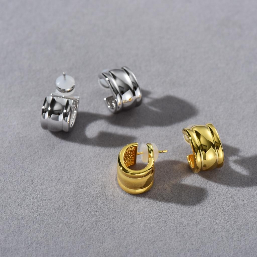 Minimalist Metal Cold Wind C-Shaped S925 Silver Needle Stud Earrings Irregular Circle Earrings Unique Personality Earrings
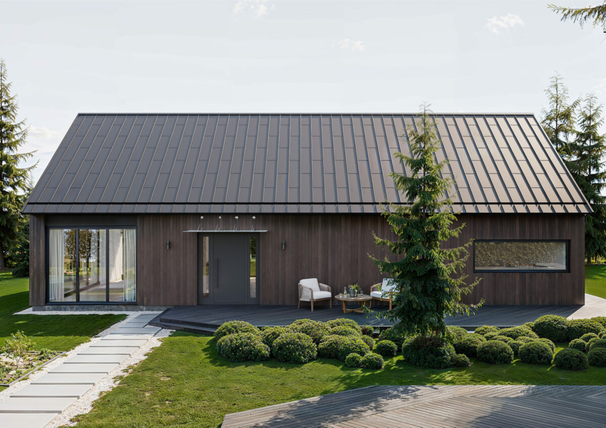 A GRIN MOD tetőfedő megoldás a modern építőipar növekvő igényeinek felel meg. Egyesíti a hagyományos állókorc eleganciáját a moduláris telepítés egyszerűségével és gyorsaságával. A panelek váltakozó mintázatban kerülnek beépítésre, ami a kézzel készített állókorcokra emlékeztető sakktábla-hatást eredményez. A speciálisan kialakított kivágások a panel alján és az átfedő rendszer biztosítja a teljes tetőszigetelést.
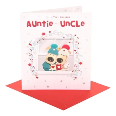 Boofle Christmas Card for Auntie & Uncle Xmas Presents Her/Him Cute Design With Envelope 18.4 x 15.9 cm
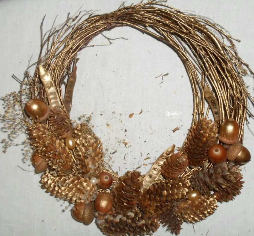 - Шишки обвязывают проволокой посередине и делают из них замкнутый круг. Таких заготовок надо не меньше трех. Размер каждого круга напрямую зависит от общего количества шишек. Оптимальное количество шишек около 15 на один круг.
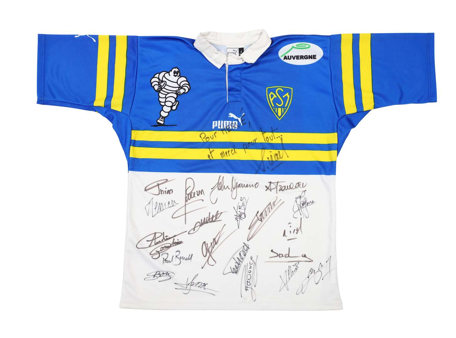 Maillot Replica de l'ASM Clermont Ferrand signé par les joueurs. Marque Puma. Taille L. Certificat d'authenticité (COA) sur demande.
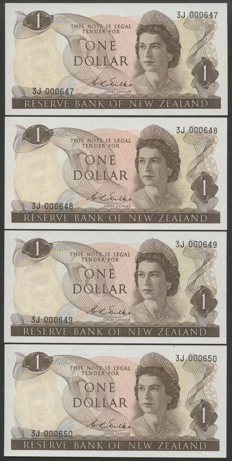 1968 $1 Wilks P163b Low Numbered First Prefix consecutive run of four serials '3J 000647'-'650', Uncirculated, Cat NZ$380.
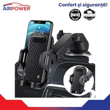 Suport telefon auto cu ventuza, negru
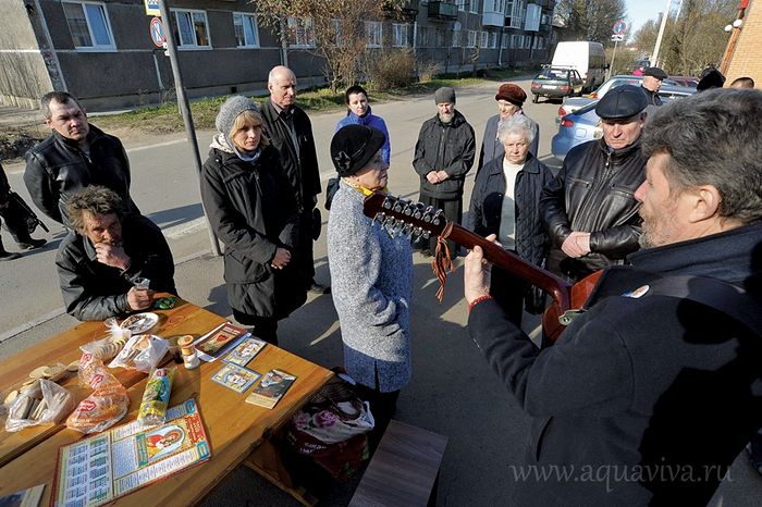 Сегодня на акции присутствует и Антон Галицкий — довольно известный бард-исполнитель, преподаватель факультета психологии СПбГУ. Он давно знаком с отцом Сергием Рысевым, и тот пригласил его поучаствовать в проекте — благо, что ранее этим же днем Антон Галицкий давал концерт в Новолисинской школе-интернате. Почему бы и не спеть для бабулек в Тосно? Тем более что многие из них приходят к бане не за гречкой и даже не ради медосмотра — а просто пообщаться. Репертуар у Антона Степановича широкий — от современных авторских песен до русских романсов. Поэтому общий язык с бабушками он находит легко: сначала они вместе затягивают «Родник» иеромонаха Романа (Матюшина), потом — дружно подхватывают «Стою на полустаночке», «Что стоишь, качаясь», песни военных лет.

§

WORK REQUEST:
Output the line that contains "A GRIN MOD tetőfedő" and every subsequent line through the end of the entries, exactly as given, without pictures.

RESULT:
 A GRIN MOD tetőfedő megoldás a modern építőipar növekvő igényeinek felel meg. Egyesíti a hagyományos állókorc eleganciáját a moduláris telepítés egyszerűségével és gyorsaságával. A panelek váltakozó mintázatban kerülnek beépítésre, ami a kézzel készített állókorcokra emlékeztető sakktábla-hatást eredményez. A speciálisan kialakított kivágások a panel alján és az átfedő rendszer biztosítja a teljes tetőszigetelést.
 Boofle Christmas Card for Auntie & Uncle Xmas Presents Her/Him Cute Design With Envelope 18.4 x 15.9 cm
 - Шишки обвязывают проволокой посередине и делают из них замкнутый круг. Таких заготовок надо не меньше трех. Размер каждого круга напрямую зависит от общего количества шишек. Оптимальное количество шишек около 15 на один круг.
 Maillot Replica de l'ASM Clermont Ferrand signé par les joueurs. Marque Puma. Taille L. Certificat d'authenticité (COA) sur demande.
 1968 $1 Wilks P163b Low Numbered First Prefix consecutive run of four serials '3J 000647'-'650', Uncirculated, Cat NZ$380.
 Suport telefon auto cu ventuza, negru
 Сегодня на акции присутствует и Антон Галицкий — довольно известный бард-исполнитель, преподаватель факультета психологии СПбГУ. Он давно знаком с отцом Сергием Рысевым, и тот пригласил его поучаствовать в проекте — благо, что ранее этим же днем Антон Галицкий давал концерт в Новолисинской школе-интернате. Почему бы и не спеть для бабулек в Тосно? Тем более что многие из них приходят к бане не за гречкой и даже не ради медосмотра — а просто пообщаться. Репертуар у Антона Степановича широкий — от современных авторских песен до русских романсов. Поэтому общий язык с бабушками он находит легко: сначала они вместе затягивают «Родник» иеромонаха Романа (Матюшина), потом — дружно подхватывают «Стою на полустаночке», «Что стоишь, качаясь», песни военных лет.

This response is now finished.